Right now Daisy is on meds which are about $1k a year. Her last ear procedure was around $200, and this next one will be another $800. I don’t care if I made $10K a year or $1 million. At some point, I think a responsible pet owner has to weigh numerous factors in deciding how much more to pay for how much vet treatment.
And IMO people are assholes if they encounter someone who is grappling with an admittedly difficult decision, and see fit to oversimplify one option as “convenience.”

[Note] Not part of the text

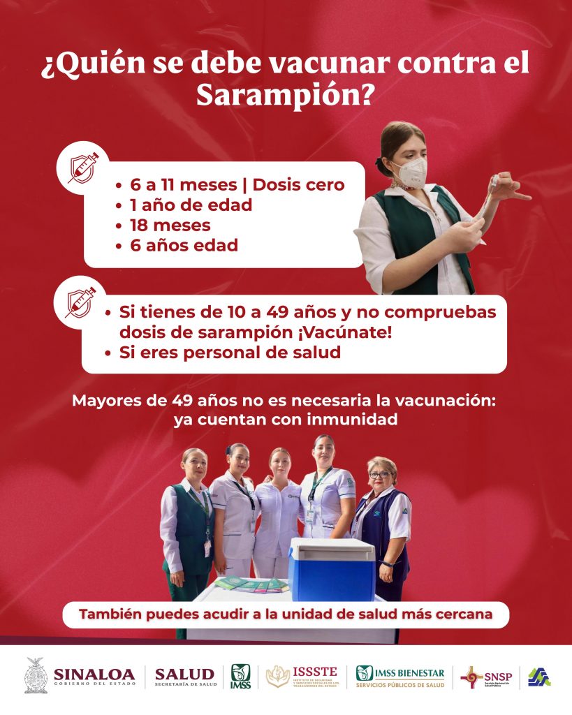 La jornada de vacunación está dirigida a niñas y niños de 6 a 11 meses, de 1 año, 18 meses y 6 años de edad, así como a personas de entre 10 y 49 años que no cuenten con comprobante de vacunación, además del personal de salud.

Holy shit, no kidding there. As someone who has had to make the terrible decision to put down a wonderful dog and a old as dirt but great cat within the past 6 months, my heart breaks reading that. A smelly old dog. Wow.
:mad:
Jesus, people, you’re reading a lot into his posts that I’m not. I’ve HAD to make the decision that the money I was spending on a pet was not giving her the quality of life she deserved, that there was no pleasure in being around her because she was miserable (didn’t even care to play or spend time with people) AND smelly, and that there was better use of the money to be made. I am not reading that **Dinsdale ** and family don’t give a shit about the smelly old dog. My smelly old dog was put down a few months ago BECAUSE we loved her. Just because **Dinsdale ** isn’t posting through his tears (as far as you know) doesn’t give you (generic you) the right to trash him for using some cold logic as well as warm emotion in making this decision. In case you hadn’t noticed, **Dinsdale ** is not known for his effusively emotional posting (see the post about his marriage for an example, and that’s a LOT bigger issue than a dog.) That doesn’t mean he doesn’t feel the emotions.
Thank you, TroubleAgain - you found the words that I have been looking for this afternoon.
Dins my friend, hugs. We understand what you’re going through - and I know it hurts. You’re in my thoughts.